» **Exercise details**
The task for the listing below is to write out exactly the lines starting at the one containing "Повне зачинення замка" and ending at the one containing "- 管理控制台:可视化的管理", both included. Pictures are to be omitted.

» **The records**

..........

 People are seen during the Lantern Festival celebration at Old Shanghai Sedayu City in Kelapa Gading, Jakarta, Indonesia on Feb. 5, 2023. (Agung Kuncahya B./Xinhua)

..........

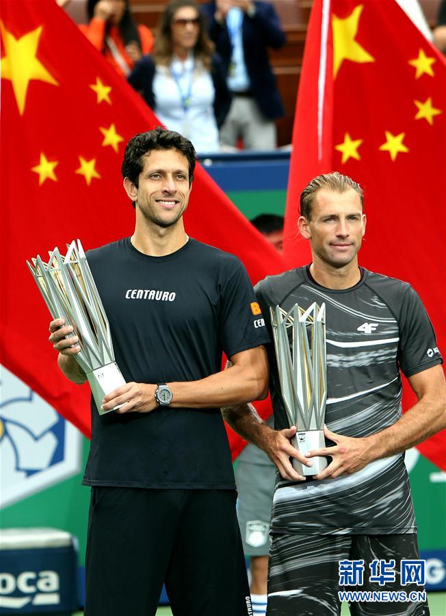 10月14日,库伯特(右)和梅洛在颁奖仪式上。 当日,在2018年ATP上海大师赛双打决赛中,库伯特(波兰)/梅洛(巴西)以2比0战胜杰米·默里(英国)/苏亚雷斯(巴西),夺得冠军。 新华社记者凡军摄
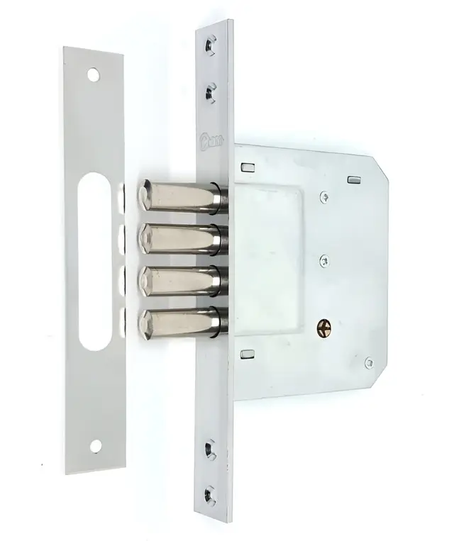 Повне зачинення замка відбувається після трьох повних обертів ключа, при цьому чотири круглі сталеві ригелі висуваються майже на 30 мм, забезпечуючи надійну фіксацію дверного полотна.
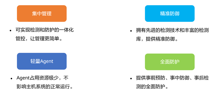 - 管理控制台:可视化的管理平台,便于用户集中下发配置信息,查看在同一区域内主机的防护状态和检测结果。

..........

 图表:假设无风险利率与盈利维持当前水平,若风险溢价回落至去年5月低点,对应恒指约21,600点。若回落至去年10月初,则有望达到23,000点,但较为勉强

..........

» **Response box**
 Повне зачинення замка відбувається після трьох повних обертів ключа, при цьому чотири круглі сталеві ригелі висуваються майже на 30 мм, забезпечуючи надійну фіксацію дверного полотна.
 - 管理控制台:可视化的管理平台,便于用户集中下发配置信息,查看在同一区域内主机的防护状态和检测结果。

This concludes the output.